Narrating the horrors of civil war: Laurie Lee’s A Moment of War, Picasso’s Guernica and Samuel Barber’s Adagio for Strings

Document Type : Original Article

Author

Abstract

   This paper examines Laurie Lee’s A Moment of War (written in 1991 about the writer’s experience in the Spanish Civil War), Guernica which embodies Picasso’s shock at the fierce bombing of the defenseless citizens of Guernica, and Samuel Barber’s Adagio for Strings (1936). Though the latter musical composition was written and performed on another funerary occasion one year before the beginning of the Spanish Civil War, it is, indeed, a true dirge for the tragic loss of lives ensuing from war; in Thomas Larson’s words, “the saddest music ever written”. The three artistic oeuvres in question, though belonging to different media, could well be seen as profound “evidence of the wound”. They may have been produced during the third decade of the last century.
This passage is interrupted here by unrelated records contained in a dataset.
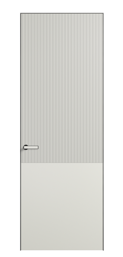 Это полотна с рельефной фрезеровкой. Этот прием делает интерьер объемным, тактильным, вносит интересную текстуру и создает современный образ. Волнистый рельеф может быть выполнен по ламелям из массива дуба в древесных матовых отделках, либо исполнен по натуральному и экологически безопасному материалу — ХДФ, покрытому гладкой эмалью актуальных оттенков.
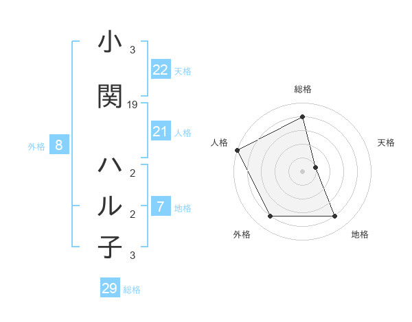小関 ハル子さんを姓名の画数から五運を鑑定
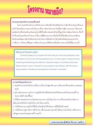 ความหมายของโครงงานคอมพิวเตอร์ โครงงานคอมพิวเตอร์ หมายถึงกิจกรรมการเรียนที่นักเรียนมีอิสระในการเลือกศึกษาปัญหาที่ตนเองสนใจ โดยจะต้องวางแผนการดาเนินงาน ศึกษา พัฒนาโปรแกรม โดยใช้ความรู้ทางกระบวนการวิศวกรรม ซอฟต์แวร์ เครื่องคอมพิวเตอร์และอุปกรณ์ที่เกี่ยวข้อง ตลอดจนทักษะพื้นฐานในการพัฒนาโครงงาน เรื่องที่ นักเรียนสนใจและคิดจะทาโครงงาน ซึ่งอาจมีผู้ศึกษามาก่อน หรือเป็นเรื่องที่นักพัฒนาโปรแกรมได้เคย ค้นคว้าและพัฒนาแล้ว นักเรียนสามารถทาโครงงานเรื่องดังกล่าวได้ แต่ต้องคิดดัดแปลงแนวทางใน การศึกษา การวิเคราะห์ข้อมูล การพัฒนาโปรแกรม หรือศึกษาเพิ่มเติมจากผลงานเดิมที่มีผู้รายงานไว้
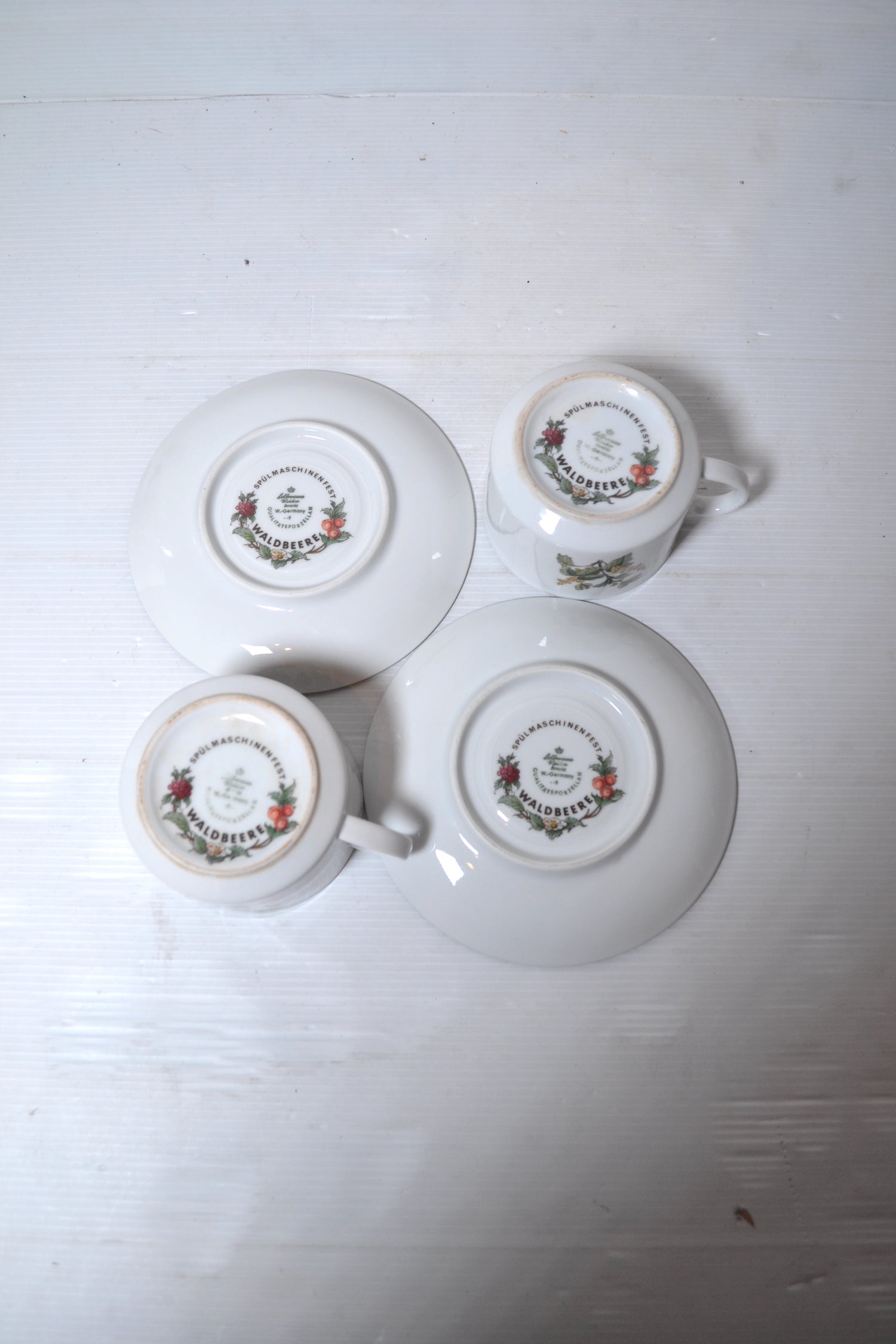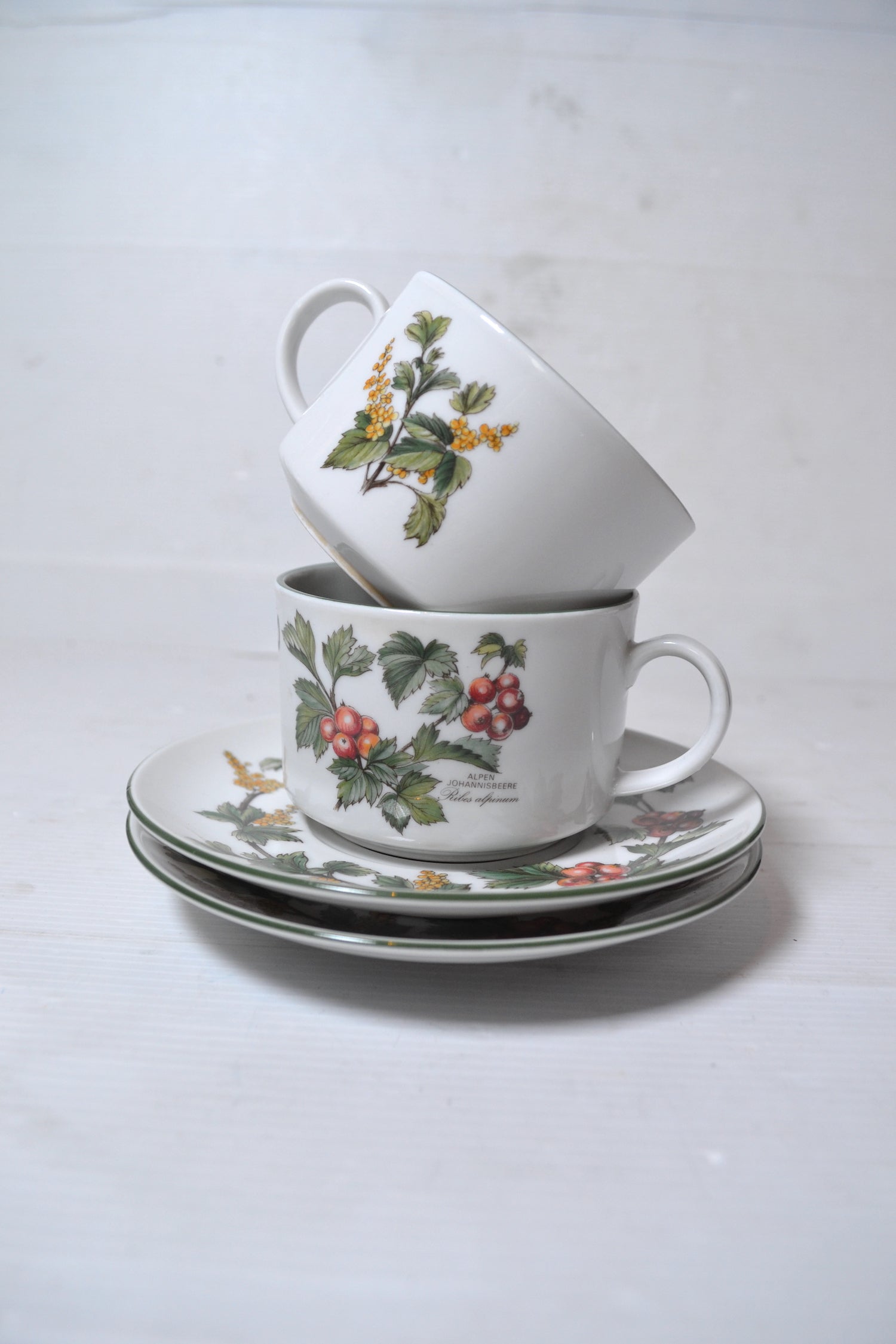 Magnifique duo de tasses et sous tasses en porcelaine motif botanique fabriquées en West Germany. Motif botanique sur le thème Ribes Alpinum par Alpen Johannisbeere

However, their timeless, universal appeal lies in their surprising relevance to their expression, albeit through three different artistic vehicles, of insurmountable grief at the devastation and loss of innocent lives caused by wars in general, and civil wars in particular. In fact, it suffices to look around us at Iraq, Syria, Yemen, Lybia and, indeed innumerable parts of the world to realize the repetitive pattern of senseless victimization of innocent peoples to fulfill wicked political ambition; a pattern that has persisted since the beginning of history, through the Spanish Civil War (1936-1939), World Wars I and II, and up till the very present day. How powerful and how pertinent these three works emerge as reminders that address the human conscience by raising issues that are very much alive in the morose reality we are living nowadays.
   The paper will basically deal with the above-mentioned works in view of Roland Barthe’s discussion of image, music and text, and  Carolyn Forché’s notion of the “poetry of witness,” though expanding the term to include art and music of witness.